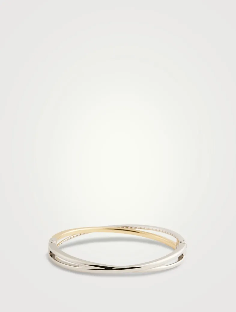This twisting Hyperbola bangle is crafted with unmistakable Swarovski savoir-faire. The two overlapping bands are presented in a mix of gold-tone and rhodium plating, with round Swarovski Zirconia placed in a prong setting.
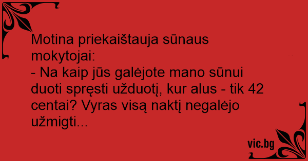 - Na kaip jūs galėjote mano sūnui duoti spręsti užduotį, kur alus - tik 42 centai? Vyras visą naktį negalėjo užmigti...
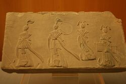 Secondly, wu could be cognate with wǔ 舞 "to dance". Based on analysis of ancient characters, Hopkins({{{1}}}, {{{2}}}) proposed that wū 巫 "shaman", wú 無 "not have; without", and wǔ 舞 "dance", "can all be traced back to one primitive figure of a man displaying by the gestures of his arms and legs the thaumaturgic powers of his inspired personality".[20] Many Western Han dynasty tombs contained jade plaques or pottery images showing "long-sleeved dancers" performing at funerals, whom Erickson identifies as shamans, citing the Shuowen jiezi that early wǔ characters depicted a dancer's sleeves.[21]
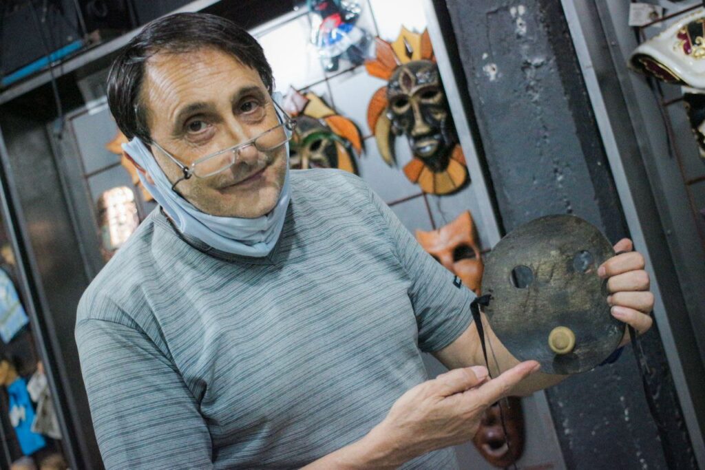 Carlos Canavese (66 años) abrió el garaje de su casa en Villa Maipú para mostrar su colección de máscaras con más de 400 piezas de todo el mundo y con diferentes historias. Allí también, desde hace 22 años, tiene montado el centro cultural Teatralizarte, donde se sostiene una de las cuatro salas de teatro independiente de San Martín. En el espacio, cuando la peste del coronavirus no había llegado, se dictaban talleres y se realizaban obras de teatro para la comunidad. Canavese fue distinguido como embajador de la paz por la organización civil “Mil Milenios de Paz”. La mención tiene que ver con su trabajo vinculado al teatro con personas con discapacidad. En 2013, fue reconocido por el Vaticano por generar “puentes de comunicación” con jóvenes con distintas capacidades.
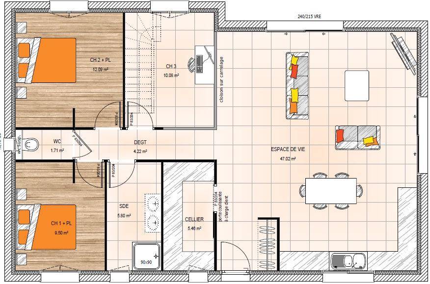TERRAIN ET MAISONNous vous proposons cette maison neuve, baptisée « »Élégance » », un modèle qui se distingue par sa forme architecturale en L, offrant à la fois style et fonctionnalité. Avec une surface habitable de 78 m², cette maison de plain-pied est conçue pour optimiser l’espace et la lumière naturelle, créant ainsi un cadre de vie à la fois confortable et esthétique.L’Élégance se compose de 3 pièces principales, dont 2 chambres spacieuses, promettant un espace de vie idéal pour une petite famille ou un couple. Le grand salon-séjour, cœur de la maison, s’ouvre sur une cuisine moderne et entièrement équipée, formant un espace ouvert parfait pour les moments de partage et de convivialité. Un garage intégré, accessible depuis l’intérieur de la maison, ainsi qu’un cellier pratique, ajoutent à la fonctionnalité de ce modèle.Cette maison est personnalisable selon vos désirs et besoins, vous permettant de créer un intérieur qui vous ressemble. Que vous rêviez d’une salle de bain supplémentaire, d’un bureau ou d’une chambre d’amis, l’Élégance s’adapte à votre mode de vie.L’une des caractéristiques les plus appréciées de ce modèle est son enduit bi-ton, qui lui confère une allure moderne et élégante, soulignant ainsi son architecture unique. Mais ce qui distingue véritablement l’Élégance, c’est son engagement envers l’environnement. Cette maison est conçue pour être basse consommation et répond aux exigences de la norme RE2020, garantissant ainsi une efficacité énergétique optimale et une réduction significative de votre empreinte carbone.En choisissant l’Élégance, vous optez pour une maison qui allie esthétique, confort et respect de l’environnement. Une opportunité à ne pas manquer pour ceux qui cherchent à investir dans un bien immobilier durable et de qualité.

==============================

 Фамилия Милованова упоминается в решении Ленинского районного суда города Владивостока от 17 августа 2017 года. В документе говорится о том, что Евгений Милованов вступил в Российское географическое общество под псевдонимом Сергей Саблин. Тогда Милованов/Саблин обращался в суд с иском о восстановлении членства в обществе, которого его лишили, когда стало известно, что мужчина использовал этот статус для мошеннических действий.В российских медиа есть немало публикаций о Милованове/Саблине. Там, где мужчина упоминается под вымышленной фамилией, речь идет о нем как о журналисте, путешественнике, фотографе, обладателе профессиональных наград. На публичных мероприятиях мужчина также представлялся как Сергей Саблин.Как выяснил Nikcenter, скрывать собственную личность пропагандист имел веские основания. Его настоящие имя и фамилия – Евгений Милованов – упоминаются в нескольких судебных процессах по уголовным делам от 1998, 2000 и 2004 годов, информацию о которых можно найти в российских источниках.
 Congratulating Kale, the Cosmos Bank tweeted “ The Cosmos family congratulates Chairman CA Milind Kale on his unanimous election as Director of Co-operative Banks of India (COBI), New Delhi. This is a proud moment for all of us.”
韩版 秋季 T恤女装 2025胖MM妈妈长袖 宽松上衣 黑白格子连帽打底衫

==============================

§ **EXERCISE DIRECTIONS**
The reply should hold the entries above from the line with "- Na kaip jūs" to the line with "Carlos Canavese (66", duplicated exactly, pictures excluded.

§ **EXPECTED OUTPUT**
 - Na kaip jūs galėjote mano sūnui duoti spręsti užduotį, kur alus - tik 42 centai? Vyras visą naktį negalėjo užmigti...
 Secondly, wu could be cognate with wǔ 舞 "to dance". Based on analysis of ancient characters, Hopkins({{{1}}}, {{{2}}}) proposed that wū 巫 "shaman", wú 無 "not have; without", and wǔ 舞 "dance", "can all be traced back to one primitive figure of a man displaying by the gestures of his arms and legs the thaumaturgic powers of his inspired personality".[20] Many Western Han dynasty tombs contained jade plaques or pottery images showing "long-sleeved dancers" performing at funerals, whom Erickson identifies as shamans, citing the Shuowen jiezi that early wǔ characters depicted a dancer's sleeves.[21]
 Carlos Canavese (66 años) abrió el garaje de su casa en Villa Maipú para mostrar su colección de máscaras con más de 400 piezas de todo el mundo y con diferentes historias. Allí también, desde hace 22 años, tiene montado el centro cultural Teatralizarte, donde se sostiene una de las cuatro salas de teatro independiente de San Martín. En el espacio, cuando la peste del coronavirus no había llegado, se dictaban talleres y se realizaban obras de teatro para la comunidad. Canavese fue distinguido como embajador de la paz por la organización civil “Mil Milenios de Paz”. La mención tiene que ver con su trabajo vinculado al teatro con personas con discapacidad. En 2013, fue reconocido por el Vaticano por generar “puentes de comunicación” con jóvenes con distintas capacidades.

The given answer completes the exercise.